-- WORK INSTRUCTION --
The required result is an exact copy of the lines from the one containing "Sauce Labs Mobile" to the last line of the records, both ends included, without pictures.

-- PROVIDED MATERIAL --
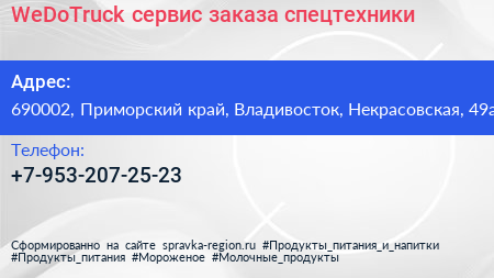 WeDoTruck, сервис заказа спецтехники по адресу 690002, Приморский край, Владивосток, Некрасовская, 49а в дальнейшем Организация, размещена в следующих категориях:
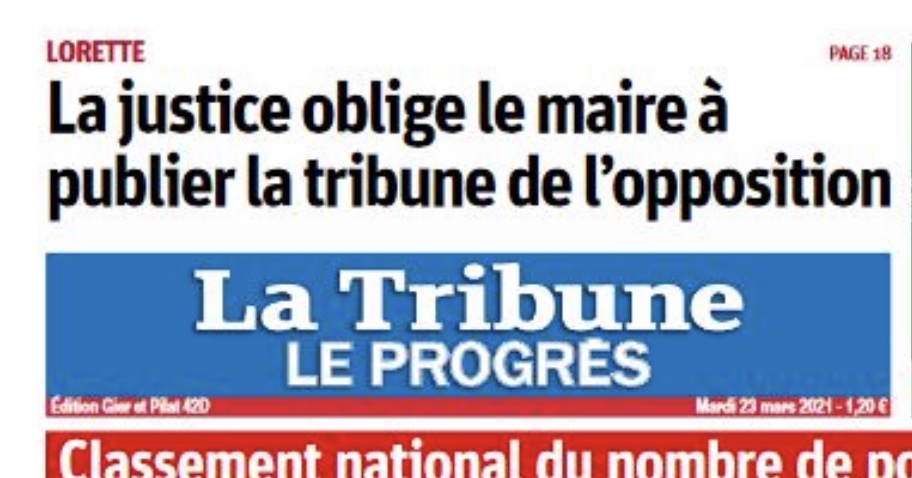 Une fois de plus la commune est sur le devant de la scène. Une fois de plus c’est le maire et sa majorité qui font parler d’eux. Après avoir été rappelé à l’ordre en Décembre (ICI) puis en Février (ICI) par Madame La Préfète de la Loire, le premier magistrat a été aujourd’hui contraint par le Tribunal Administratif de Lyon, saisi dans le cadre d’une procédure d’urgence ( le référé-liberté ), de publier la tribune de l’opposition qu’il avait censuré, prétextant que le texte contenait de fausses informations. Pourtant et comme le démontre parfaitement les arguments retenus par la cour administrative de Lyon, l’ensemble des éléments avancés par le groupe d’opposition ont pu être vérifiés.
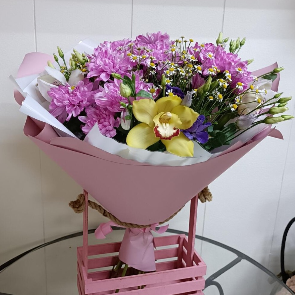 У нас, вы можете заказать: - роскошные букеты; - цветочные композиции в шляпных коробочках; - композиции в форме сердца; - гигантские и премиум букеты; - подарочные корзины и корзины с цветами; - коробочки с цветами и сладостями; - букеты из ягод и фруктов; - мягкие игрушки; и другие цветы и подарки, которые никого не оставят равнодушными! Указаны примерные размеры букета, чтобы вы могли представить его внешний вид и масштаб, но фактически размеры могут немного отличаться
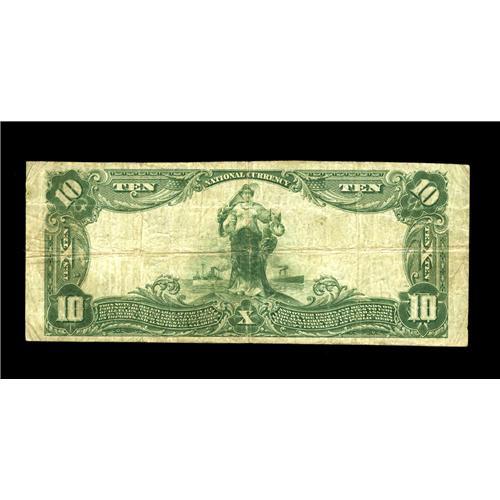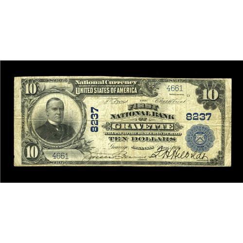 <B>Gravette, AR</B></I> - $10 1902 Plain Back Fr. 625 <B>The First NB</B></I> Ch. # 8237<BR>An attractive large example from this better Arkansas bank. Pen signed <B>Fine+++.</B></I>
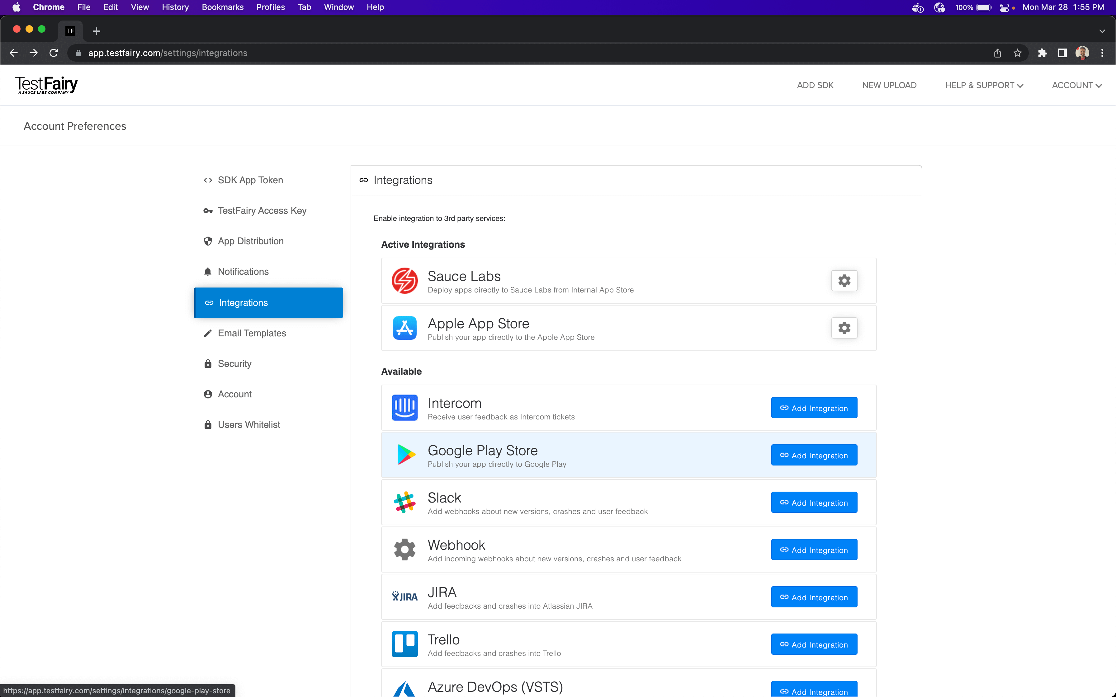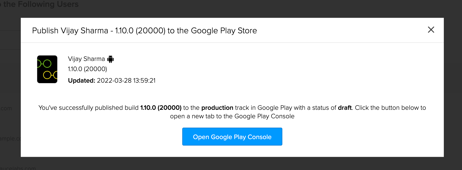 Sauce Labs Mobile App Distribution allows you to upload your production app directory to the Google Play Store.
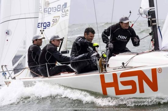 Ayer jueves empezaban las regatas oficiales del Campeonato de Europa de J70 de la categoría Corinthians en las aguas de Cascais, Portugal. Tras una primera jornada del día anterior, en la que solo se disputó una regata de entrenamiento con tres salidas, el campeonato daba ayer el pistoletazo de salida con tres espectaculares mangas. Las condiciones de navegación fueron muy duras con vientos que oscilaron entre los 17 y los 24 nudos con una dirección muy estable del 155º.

-- TASK RESPONSE --
 Sauce Labs Mobile App Distribution allows you to upload your production app directory to the Google Play Store.
 Ayer jueves empezaban las regatas oficiales del Campeonato de Europa de J70 de la categoría Corinthians en las aguas de Cascais, Portugal. Tras una primera jornada del día anterior, en la que solo se disputó una regata de entrenamiento con tres salidas, el campeonato daba ayer el pistoletazo de salida con tres espectaculares mangas. Las condiciones de navegación fueron muy duras con vientos que oscilaron entre los 17 y los 24 nudos con una dirección muy estable del 155º.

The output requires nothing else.